Entre plusieurs récits qu’ils nous firent, je fus frappé de l’atrocité d’un supplice que le bim-baschi avait fait subir quelque temps auparavant sous leurs yeux à l’un de ses prisonniers : cet homme, qui était un ancien scribe des environs, avait été écorché vif, des pieds jusqu’à la tête, et suspendu ainsi, par des crochets de fer enfoncés dans la poitrine, à un olivier, où il vécut tout un jour. Je tiens d’une autre source non moins certaine qu’un médecin, philhellène français, ayant été pris au Pirée par une bande d’Albanais, sa taille un peu replète les mit en joie; ils le pendirent à un arbre, où ils le tirèrent à la cible toute la matinée.”

 

 

EXTRAITS D’UN AVERTISSEMENT D’EDGAR QUINET DATE DU 11 JUILLET 1857

POUR UNE REEDITION DE “LA GRECE MODERNE ET SES RAPPORTS AVEC L’ANTIQUITE”

 

Y avait-il encore une nation, un avenir sous cette blanche poussière d’ossements humains qui couvrait littéralement les rivages et la place des villes? On pouvait en douter. Il n’a pas été inutile de tracer à la fois le tableau de l’extermination et celui du réveil de la Grèce en 1829...
La Grèce si elle est quelque chose est un Etat maritime; et c’est ce que l’Angleterre ne veut pas. La Grande-Bretagne, la reine des mers jalouse Hydra et Poros. La puissante Angleterre, la chrétienne Angleterre a fait tout ce qu’il fallait pour étouffer au berceau le peuple qui venait au monde. A peine né, elle le rançonnait déjà, elle l’emprisonnait pour dettes...

L’Europe n’est intervenue qu’après sept ans et rassasiée du spectacle du carnage. Une si lente extermination donne un droit à celui qui a survécu. Une plante arrosée de tant de sang ne peut plus être extirpée par personne...

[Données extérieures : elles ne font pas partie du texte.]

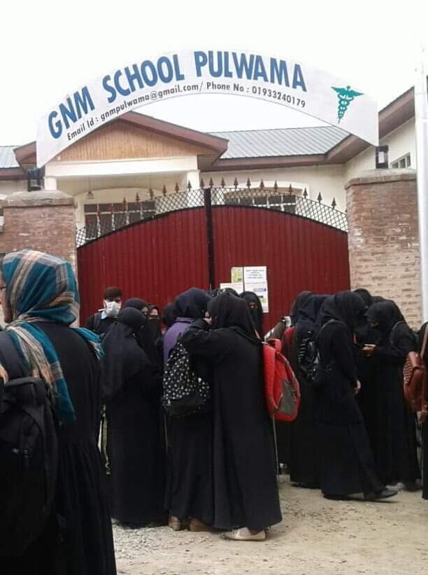 Srinagar: Students of General Nursing and Midwife (GNM) College Pulwama staged a protest outside Chief Medical Officer (CMO) Pulwama’s office, demanding teaching staff in their college. The protesting students blocked the road, but dispersed peacefully after the `assurance from the local SHO to convey their demands to the concerned authorities.
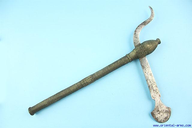 This fine axe has a long 8 inches blade 2 inches edge. The blade up swept tail is 6 inches long. It is mounted into a wood haft entirely covered in densely braided brass wires in a very intricate pattern, Total length 18 inches. Very good condition. The braided brass wires is very common on Zulu artifacts but the blade shape may indicate somewhat an origin more to the North. Fine work. Early 20C. |

Au milieu de la plus grande destruction d’hommes et de choses que l’on verra jamais, je me suis trouvé dans mon voyage, en face de la nature seule...L’anéantissement de tous les vestiges humains...La détresse était telle qu’il m’eût été impossible de m’attacher au souvenir des époques brillantes de la société grecque. Partout la barbarie présente me ramenait à la barbarie antique. Dans un monde redevenu primitif par l’effet du carnage et de la déprédation je n’aurais pu parler de Périclès, de Sophocle, de Socrate. Je revenais comme naturellemnt aux Pelasges mangeurs de glands et aux dieux d’Arcadie à têtes de loups.”

 

 

 

 

EXTRAITS DE “L’ARCHIPEL EN FEU”

ROMAN DE JULES VERNE DE 1884

chapitreII :

...après la mort de son père, qui fut l’une de ces milliers de victimes de la cruauté des Turcs, sa mère, affamée de haine, n’attendit plus que l’heure de se jeter dans le premier soulèvementcontre la tyrannie ottomane”

chapitre III :

Pendant près de deux cents ans, on peut dire que la vie politique de la Grèce fut complètement éteinte. Le despotisme des fonctionnaires ottomans, qui y représentaient l’autorité, passait toutes limites. Les Grecs n’étaient ni des annexés, ni des conquis, pas même des vaincus : c’étaient des esclaves, tenus sous le bâton du pacha, avec l’imam ou prêtre à sa droite, le djellah ou bourreau à sa gauche...
En 1821, les Souliotes et le Magne se soulevèrent. A Patras, l’évêque Germanos, la croix en main, pousse le premier cri. La Morée, la Moldavie, l’Archipel se rangent sous l’étendard de l’indépendance. Les Hellènes, victorieux sur mer, parviennent à s’emparer de Tripolitza. A ces premiers succès des Grecs, les Turcs répondent par le massacre de leurs compatriotes qui se trouvaient à Constantinople...
Les Philhellènes accoururent à leur secours de tous les points de l’Europe. Ce furent des Italiens, des Polonais, des Allemands mais surtout des Français qui se rangèrent contre les oppresseurs. Les noms de Guys de Sainte-Hélène, de Gaillard, de Chauvassaigne, des capitaines Baleste et Jourdain, du colonel Fabvier, du chef d’escadron Regnaud de Saint-Jean d’Angely, du général Maison, auxquels il convient d’ajouter ceux de trois Anglais : lord Cochrane, lord Byron, le colonel Hasting...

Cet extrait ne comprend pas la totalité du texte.